And I would like to touch on the key aspect here. Traditional credit has been around for 30, 40 years. We’re going beyond that now. We’re looking at alternative data sources, like your utility bills, like how you pay other bills that are not on your credit report, as key variables that come into our decision process. And some of these assets are only available at Equifax. But the point here is, that we are expanding and our lenders are expanding what data they’re using to make credit decisions, which is benefiting the consumers. Because now you’re getting credit for how you pay your cell phone bill. How you pay your cable bill. And if, I don’t know about you guys, but me and my cell phone bill is more than my car payment in my household, because I have five people on the internet. So these are substantial amounts of payments that are happening, that consumers are being ignored or not getting credit for. So we’re making sure these are available to our customers as key aspects for decisioning.
That’s a great point you mentioned David. And as part of Ignite, this is how we’re exposing some of this data sets that was previously not available to our clients. Like Dave said. I mean, my phone bill is equal to a car payment as well, because I have four people in the house. And so, we’re bringing all that data, sitting in one place for our clients to come and do analytics. Now they can really expand their analytics, all in one place, in a secured fashion, with a bunch of different types of tools and techniques, all deployed on top of it. As you can see, we have this big data store, that has all the data sets that we talked about. That is already pre-keyed, and linked, and cleansed, all sitting in one place. And then, we apply our security data governance and metadata model, all on top of that data. And then, make it available to our internal data scientists, which is about 400 to 500 people across the globe. And also to our clients based on their instances.
Now we’re talking about exposing them to SQL querying engines. Whether it’s data engineering tools, or attribution tools. Modeling tools like H2O, R, Python. And then, visual analytical tools. All sitting in one place. Now, the client has the ability to build a lot of good insights that can now be delivered in a couple of channels. Whether it’s real time decisioning channel, or even batch. Again, H2O makes it really smooth and easy for us to take those artifacts and deploy into production.
Explain, Dave, you want to touch upon a little bit of the explainable AI?
So, one of the things that we’re doing at Equifax that we’re trying to deliver on our mission to help people live their financial best, is explainable AI. And the regulatory environment that exists today with credit, it requires our models to deliver reason codes of why the score was what it was. And that’s traditionally why regression type modeling techniques are being used. And they’re good in a lot of use cases, as models are very predictive and they do really well. But because of the ability not to explain what machine learning is doing, in some cases, we can’t actually act on some of that, or take advantage of some more advanced modeling techniques, to get better predictive models. So we’ve developed and patented a technology, we call NeuroDecisioning Technology. And we make it available through Ignite.
So our customers can now deliver and build models using neural nets and Random Forests, and some other algorithms. I think gradient boosting machines are there to be able to develop more predictive models for certain use cases in the risk modeling space. We’ve been through the patent process, and we deliver that, those math algorithms to our customers, so they can build models. We build our own models with it as well. But it gives you that explainable reason code, if you’re using a neural net type model, or gradient boosting model, that you couldn’t have before.

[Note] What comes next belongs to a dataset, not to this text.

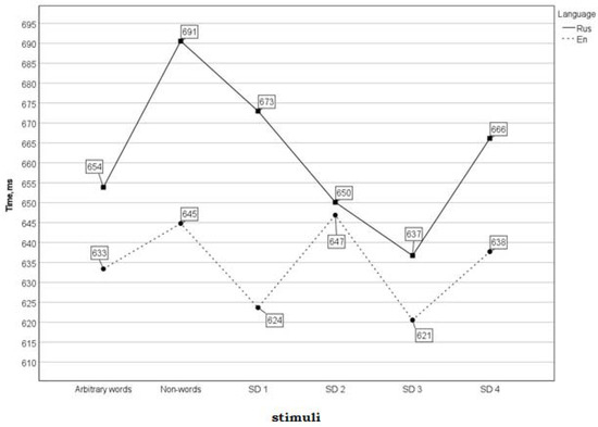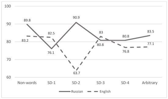 For the English groups SD-1 (χ2 = 8.239; df = 2; p = 0.016) and SD-3 (χ2 = 9.632; df = 2; p = 0.008), the effect was significant: the RA for these iconic words was higher than that for arbitrary words. The effect was also significant for the English SD-2 group (χ2 = 33.587; df = 2; p = 0.0001), however, the accuracy was lower. The result was not statistically significant for the English SD-4 group (χ2 = 1.390; df = 2; p = 0.499). The RA for the Russian SD-1 group (χ2 = 26.001; df = 2; p < 0.001) was significantly lower than that for arbitrary words. For the Russian SD-2 group, the RA was significantly higher than that for arbitrary words (χ2 = 28.953; df = 2; p < 0.001). For the Russian SD-3 and SD-4 groups, the result was not statistically significant (χ2 = 3.902; d = 2; p = 0.142).

So I think it’s a big buzzword in the market today. We’re hearing explainable AI more and more. But we consider ourselves a leader in this. And we’ve been doing it for several years. And it really is having a positive impact on consumers, in how decisions are being made on granting credit.
Great, thanks. So I’ll just quickly touch upon, in the interest of time. I’ll just quickly touch upon the overall Ignite ecosystem, and just talked about it a little bit. But this shows you the overall orchestration of what our Ignite platform looks like. It’s a continuous development, deployment, monitoring, and improvement platform. It’s really to bring all the data in one central location, providing the tools and technology to build insights, and deploy insights, and continuously keep monitoring and improving upon it. Right? If you think about a classic use case, it all starts with a market type analysis. If I was in a business, I want to go and look how the market is performing, compared to my business. And I want to see how my peers are doing, the rest of the market is doing, and how I am stacking up against them.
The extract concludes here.